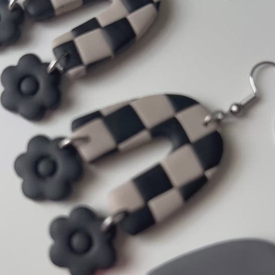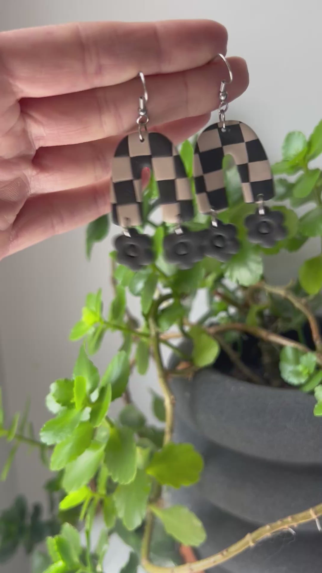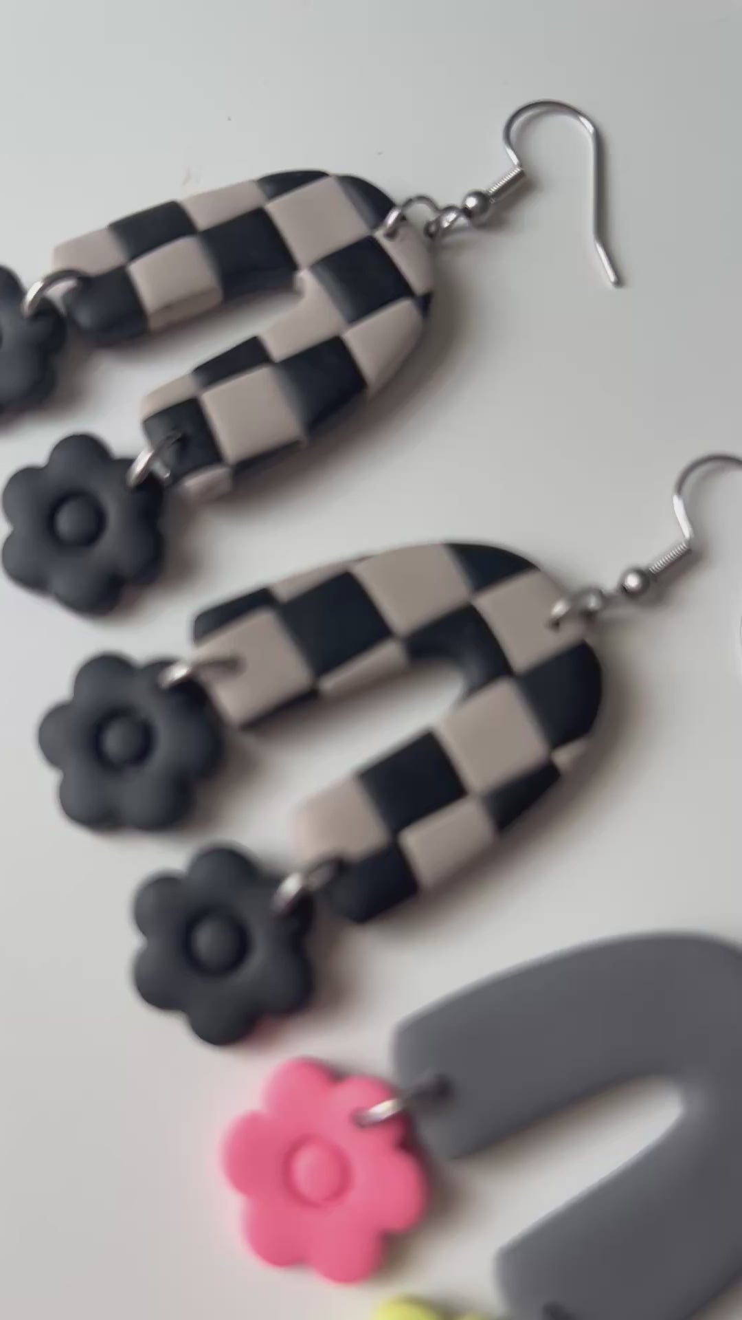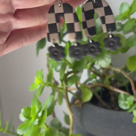 Last Fall, I made the black and cream checker arches with deep fall toned flowers. This time the flowers are black, And I made separate arches with bright Summer colors! The hooks are hypoallergenic stainless steel.
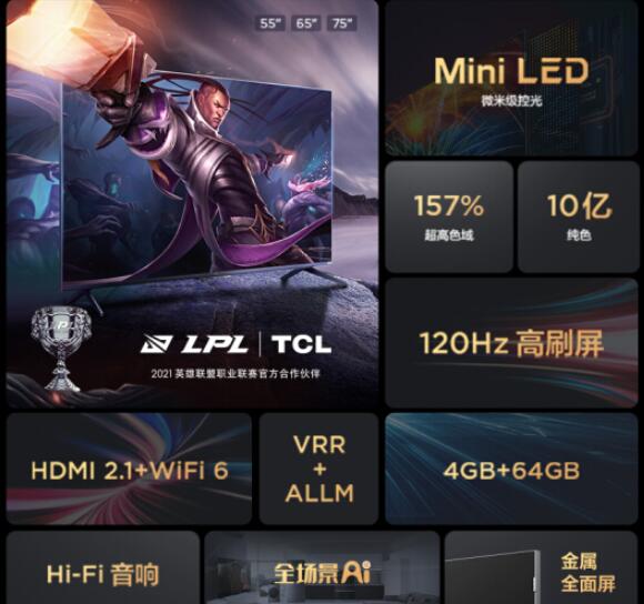 TCL Mini LED量子点智屏Q10E是今年四月份才推出的新品,也是TCL新一代Mini LED电视的代表,也是TCL助推的高端机型。这款电视产品汇聚了TCL最前沿的电视技术,而且各方面参数表现都非常出色,同时也是一款主打游戏性能的电视,是游戏爱好者的首选产品。
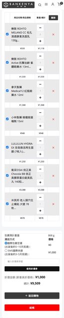 加了幾樣進購物車,是日幣結帳
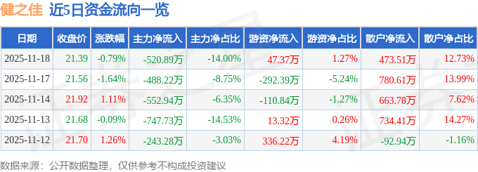 证券之星消息,截至2025年11月18日收盘,健之佳(605266)报收于21.39元,下跌0.79%,换手率1.13%,成交量1.74万手,成交额3720.94万元。
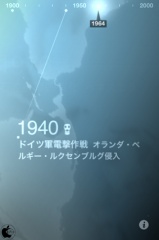アプリを起動すると、お馴染みの二十世紀の歴史がランダムに表示されては消えてゆきます。
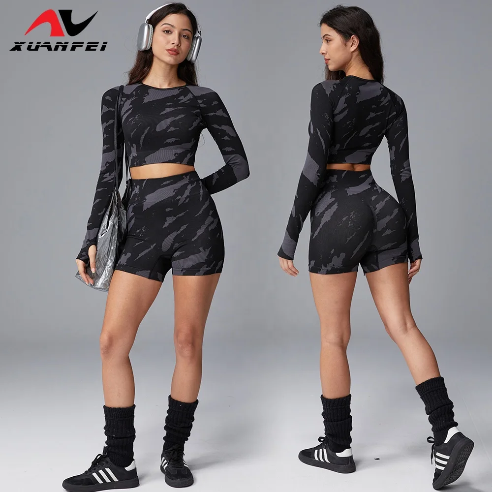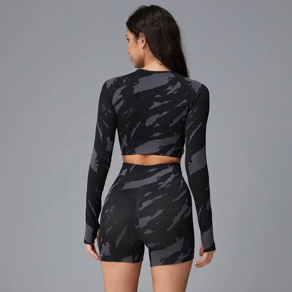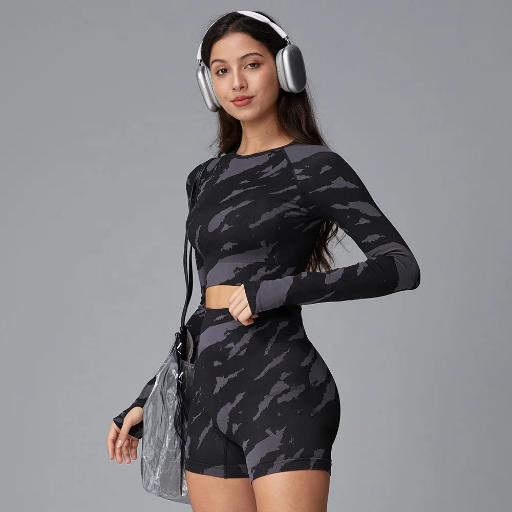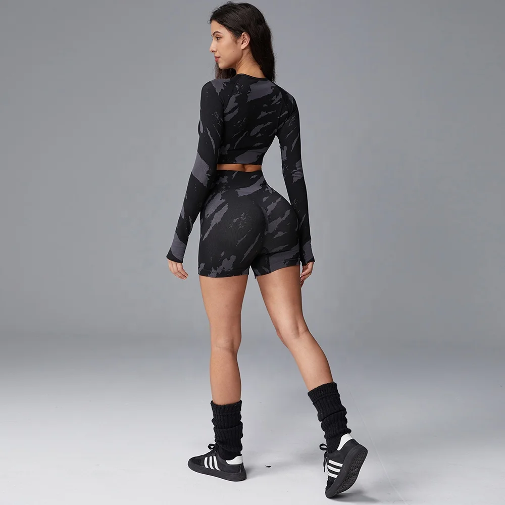 Hot-Selling Personality Trend Black Tie-Dye Breathable Home Leisure Gym Training Yoga Sports Shorts Set
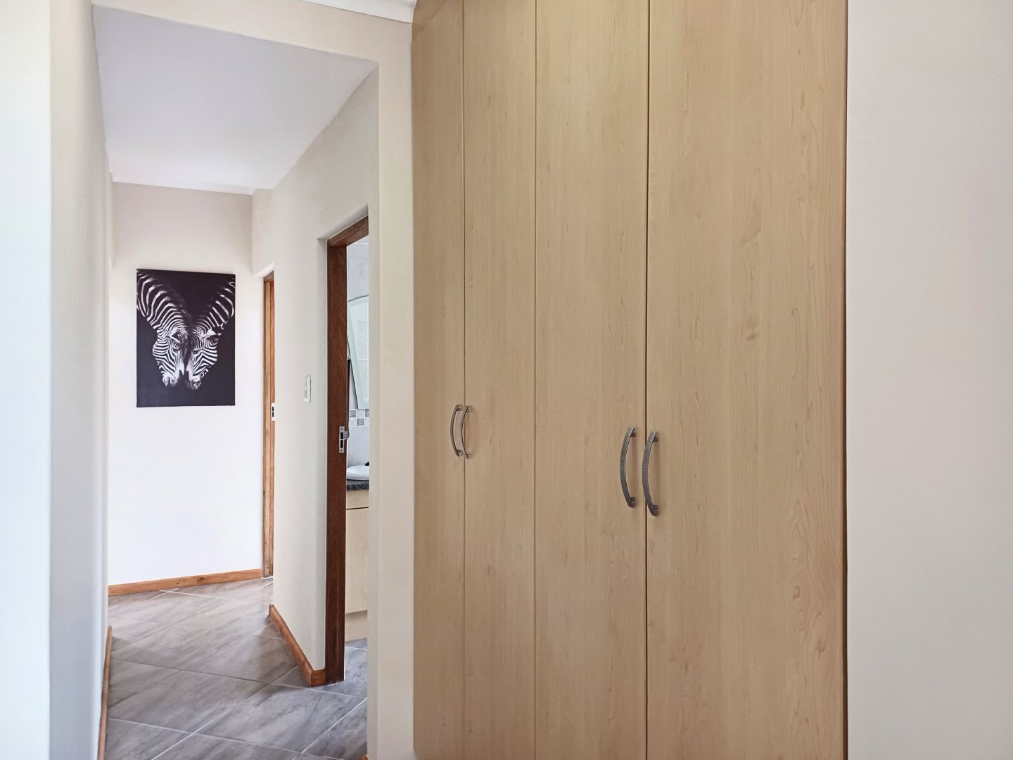 The heart of this home is the sleek, modern kitchen, outfitted with granite countertops that perfectly balance style and functionality. An indoor braai area adds a cozy touch, ideal for entertaining or enjoying quiet evenings while taking in the picturesque surroundings.
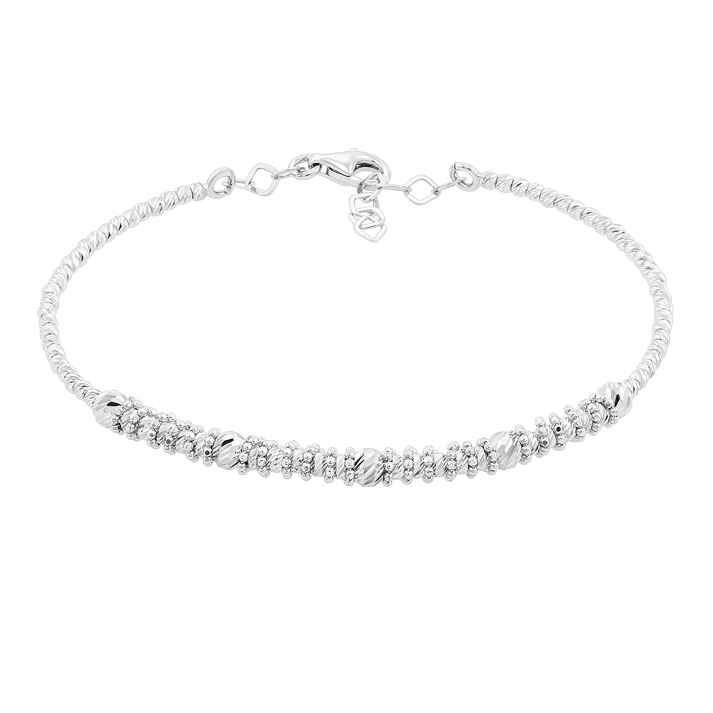 Браслет из белого золота 585 пробы - отличное украшение для себя и в подарок. Жесткий незамкнутый браслет выполнен из декоративных шариков с алмазной огранкой разного размера.
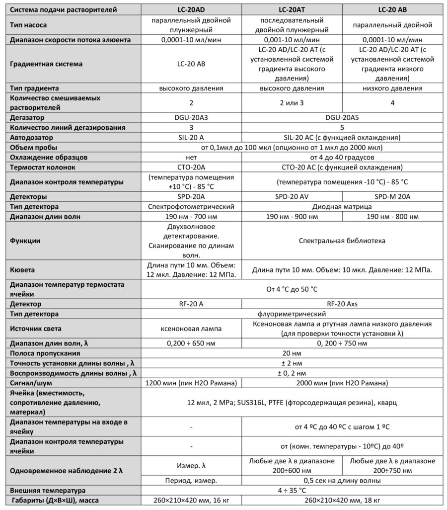 Модульный дизайн хроматографов LC-20 Prominence позволяет подобрать конфигурацию прибора, идеально подходящую для решения конкретной аналитической задачи. Для создания нужной конфигурации прибора пользователю предлагается большой выбор высокоточных насосов с различными диапазонами давления (до 40 МПа или до 66 МПа), автоинжекторов, термостатов, коллекторов фракций и разнообразных детекторов, включая спектрофотометрические (дисперсионные различных диапазонов и диодно-матричный), флуоресцентный, рефрактометрический, кондуктометрический, электрохимический (амперометрический), светорассеивающий. Кроме того, жидкостный хроматограф LC-20, обеспечивающий подачу растворителя в широком диапазоне и минимальную величину переноса остаточного загрязнения, может быть укомплектован всем спектром хромато-масс-спектрометрических детекторов Шимадзу для проведения количественного и качественного анализа как относительно простых, так и сложных веществ, а также идентификации неизвестных соединений.
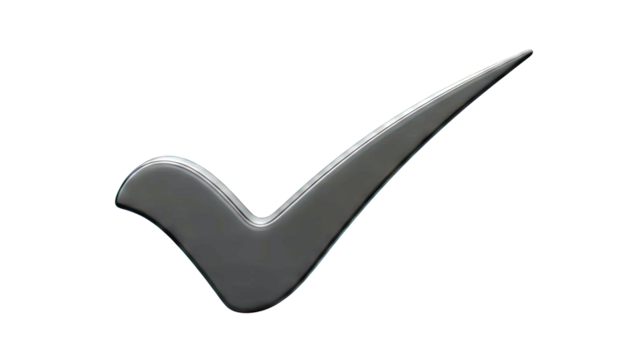 Black check mark on transparent background symbolizes accuracy
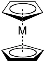 Metallocenes are a subset of a broader class of compounds called sandwich compounds.[1] In the structure shown at right, the two pentagons are the cyclopentadienyl anions with circles inside them indicating they are aromatically stabilized. Here they are shown in a staggered conformation.
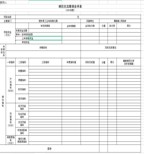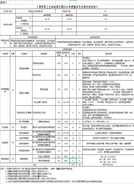 根据部门整体支出绩效评价指标规定的内容,经综合评价, 德安县工业和信息化局2021年度整体支出绩效评价分数为96分,等级为“优 ”。
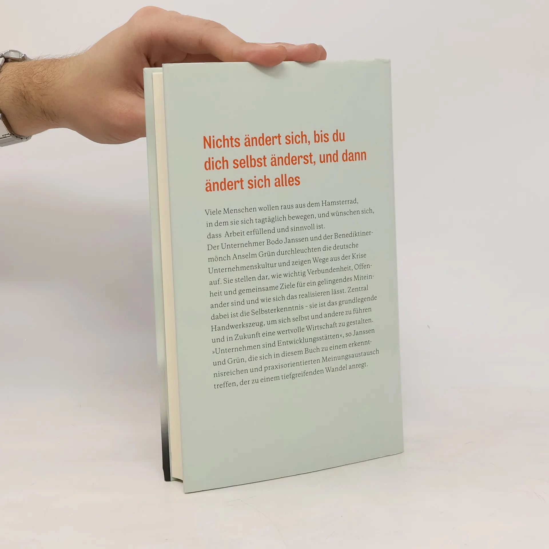 Nichts ändert sich, bis du dich selbst änderst, und dann ändert sich alles … Viele Menschen wollen raus aus dem Hamsterrad, in dem sie sich tagtäglich bewegen, und wünschen sich, dass Arbeit erfüllend und sinnvoll ist. Der Unternehmer Bodo Janssen und der Benediktinermönch Anselm Grün durchleuchten die deutsche Unternehmenskultur und zeigen Wege aus der Krise auf. Sie stellen dar, wie wichtig Verbundenheit, Offenheit und gemeinsame Ziele für ein gelingendes Miteinander sind und wie sich das realisieren lässt. Zentral dabei ist die Selbsterkenntnis – sie ist das grundlegende Handwerkszeug, um sich selbst und andere zu führen und in Zukunft eine wertvolle Wirtschaft zu gestalten. „Unternehmen sind Entwicklungsstätten“, so Janssen und Grün, die sich in diesem Buch zu einem erkenntnisreichen und praxisorientierten Meinungsaustausch treffen, der zu einem tiefgreifenden Wandel anregt.
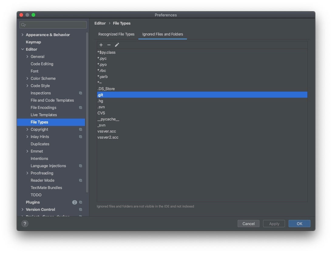- 「Editor」→「File Types」→「Ignored Files and Folders」
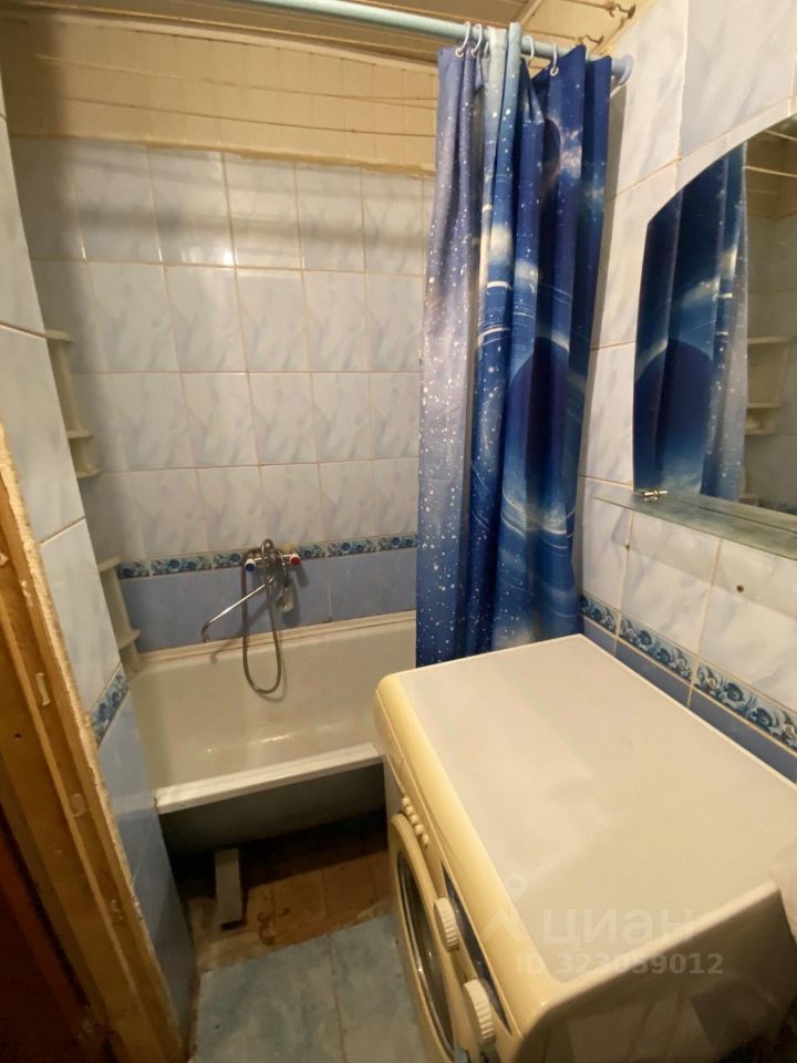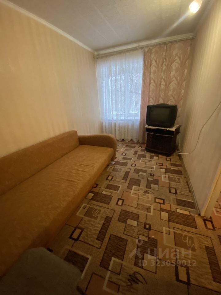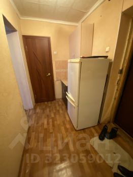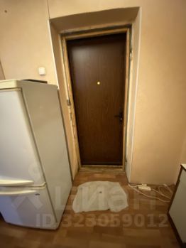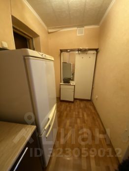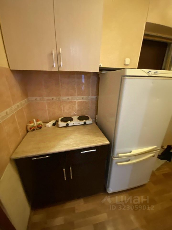 Выполнена перепланировка, квартира разделена на 2 небольших комнаты с 2-мя диванами, шкафом и телевизором, прихожую с кухонными шкафами и холодильником и совмещенным санузлом с ванной и стиральной машиной.
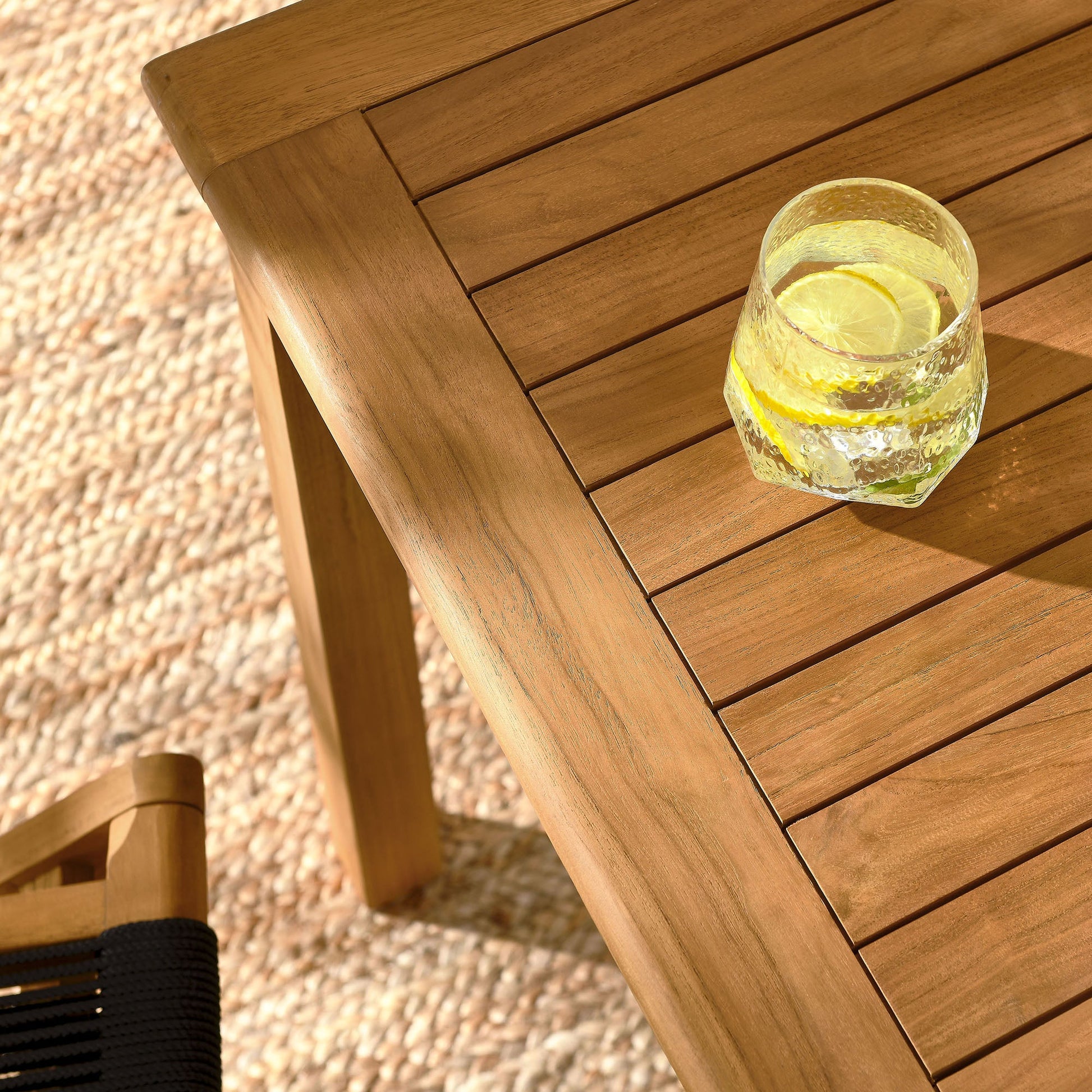 Refresh your outdoor dining experience with the 5-Piece Outdoor Patio Dining Set. This modern outdoor patio set includes a solid teak wood square dining table and 4 foldable chairs, perfect for accommodating both casual meals and small gatherings. The naturally weather-resistant teak outdoor dining table features a slatted surface, enhancing its visual appeal and durability. The foldable teak chairs offer convenience and ease of storage without sacrificing style or comfort. With seats woven in high-quality nylon rope, these armless chairs contribute to a contemporary and cohesive look, making this patio dining furniture set for 4 well suited for long, relaxing evenings. Whether used on its own or mixed with other outdoor patio furniture, this 5-piece outdoor dining set blends effortlessly, complementing a diverse range of garden, porch, and patio settings. Assembly required. Overall Product Dimensions: 80.05"L x 80.05"W x 35.24"H

---------------

» **Required work**:
With pictures left out, repeat exactly the lines from the one containing "Выполнена перепланировка, квартира" through the last line of the data above, inclusive, and nothing else.

» **Reply**:
 Выполнена перепланировка, квартира разделена на 2 небольших комнаты с 2-мя диванами, шкафом и телевизором, прихожую с кухонными шкафами и холодильником и совмещенным санузлом с ванной и стиральной машиной.
 Refresh your outdoor dining experience with the 5-Piece Outdoor Patio Dining Set. This modern outdoor patio set includes a solid teak wood square dining table and 4 foldable chairs, perfect for accommodating both casual meals and small gatherings. The naturally weather-resistant teak outdoor dining table features a slatted surface, enhancing its visual appeal and durability. The foldable teak chairs offer convenience and ease of storage without sacrificing style or comfort. With seats woven in high-quality nylon rope, these armless chairs contribute to a contemporary and cohesive look, making this patio dining furniture set for 4 well suited for long, relaxing evenings. Whether used on its own or mixed with other outdoor patio furniture, this 5-piece outdoor dining set blends effortlessly, complementing a diverse range of garden, porch, and patio settings. Assembly required. Overall Product Dimensions: 80.05"L x 80.05"W x 35.24"H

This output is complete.